Compressing a DNA-like string

1

1

Challenge:

Write a a program to take an array of 24 4-letter strings, and output a compressed (lossless) representation of the array. You should also provide a program to decompress your representations.

Input:

The input will be comprised of 4 letter words using each of [G,T,A,C] exactly once (e.g. GTAC, ATGC, CATG, etc). There are always exactly 24 words, so the full input is something like:

GTAC CATG TACG GACT GTAC CATG TACG GACT GTAC CATG TACG GACT GTAC CATG TACG GACT GTAC CATG TACG GACT GTAC CATG TACG GACT

So there are \$4!=24\$ possibilities for each word, and 24 words in total.

Output:

The output should be a printable ASCII string that can be decompressed back into the input string. Since this is lossless compression, each output should match to exactly one input.

Example:

>>> compress(["GTAC", "CATG", "TACG", "GACT", "GTAC", "CATG", "TACG", "GACT", "GTAC", "CATG", "TACG", "GACT", "GTAC", "CATG", "TACG", "GACT", "GTAC", "CATG", "TACG", "GACT", "GTAC", "CATG", "TACG", "GACT"])
"3Ax/8TC+drkuB"

Winning Criterion

Your code should minimize the output length. The program with the shortest output wins. If it's not consistent, the longest possible output will be the score.

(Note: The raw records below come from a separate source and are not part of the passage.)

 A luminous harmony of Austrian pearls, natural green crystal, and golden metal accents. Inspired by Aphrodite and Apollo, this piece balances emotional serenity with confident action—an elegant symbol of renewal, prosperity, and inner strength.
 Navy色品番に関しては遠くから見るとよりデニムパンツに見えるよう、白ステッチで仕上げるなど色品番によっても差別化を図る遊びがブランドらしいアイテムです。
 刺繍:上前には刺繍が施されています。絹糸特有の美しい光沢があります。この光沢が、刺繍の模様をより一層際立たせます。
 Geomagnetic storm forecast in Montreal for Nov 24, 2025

Edit: Based on helpful feedback comments, I would like to amend the criterion to add:

If two entries have the same results, the shortest code measured in characters wins. If an entry is length dependent, a length of 1 million words is the standard.

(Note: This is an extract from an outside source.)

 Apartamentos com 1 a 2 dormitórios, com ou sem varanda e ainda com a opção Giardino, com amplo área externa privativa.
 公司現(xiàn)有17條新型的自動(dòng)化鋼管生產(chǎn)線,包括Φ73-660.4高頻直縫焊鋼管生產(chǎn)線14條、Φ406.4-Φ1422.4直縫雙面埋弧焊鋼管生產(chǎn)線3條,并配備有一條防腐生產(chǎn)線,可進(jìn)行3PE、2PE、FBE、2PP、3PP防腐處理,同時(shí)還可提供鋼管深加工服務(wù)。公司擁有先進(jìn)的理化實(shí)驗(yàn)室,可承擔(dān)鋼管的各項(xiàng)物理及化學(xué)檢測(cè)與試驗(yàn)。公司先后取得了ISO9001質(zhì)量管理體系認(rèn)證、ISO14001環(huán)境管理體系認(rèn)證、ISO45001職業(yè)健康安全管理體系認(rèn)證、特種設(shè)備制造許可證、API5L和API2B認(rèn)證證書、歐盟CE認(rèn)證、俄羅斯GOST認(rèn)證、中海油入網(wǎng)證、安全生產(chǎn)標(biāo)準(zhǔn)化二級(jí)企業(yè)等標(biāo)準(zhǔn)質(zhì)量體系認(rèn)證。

However, I fear the community angrily telling me I didn't say it right and downvoting me to the abyss, so I leave to community editors to see if it makes sense with code golf traditions

AwokeKnowing

Posted 2013-12-11T18:53:00.437

Reputation: 201

1I tried to reword this and clean it up a bit. I did change one thing: now, the output is scored by the maximum length instead of the average, for ease of scoring. I hope this is okay with you. If you want to do average, you should pick a specific set of inputs to test it on. – Rɪᴋᴇʀ – 2019-05-17T02:19:55.337

You also changed the output from alphanumeric to the entirety of printable ASCII, but the one existing answer didn't comply with that to begin with. – Unrelated String – 2019-05-17T02:30:04.190

4Despite the edits for clarity, this remains a challenge that seems pretty boring. An optimal solution is to map the n'th possible input onto the n'th ASCII string sorted lexicographically, so anyone can win by coding that or anything achieving the same maximum length. In fact, the existing solution does exactly this, using alphanumeric strings as the old rule required which could be easily adjusted to all printable ASCII. I think a better direction would be to make the challenge code golf and require the optimal output length. – xnor – 2019-05-17T02:31:39.790

@xnor a good comment. If optimal solutions are known, then code golf should be the standard. – AwokeKnowing – 2019-05-17T14:21:55.900

Answers

6

Python (output-length: 18 or 19, mean 18.80)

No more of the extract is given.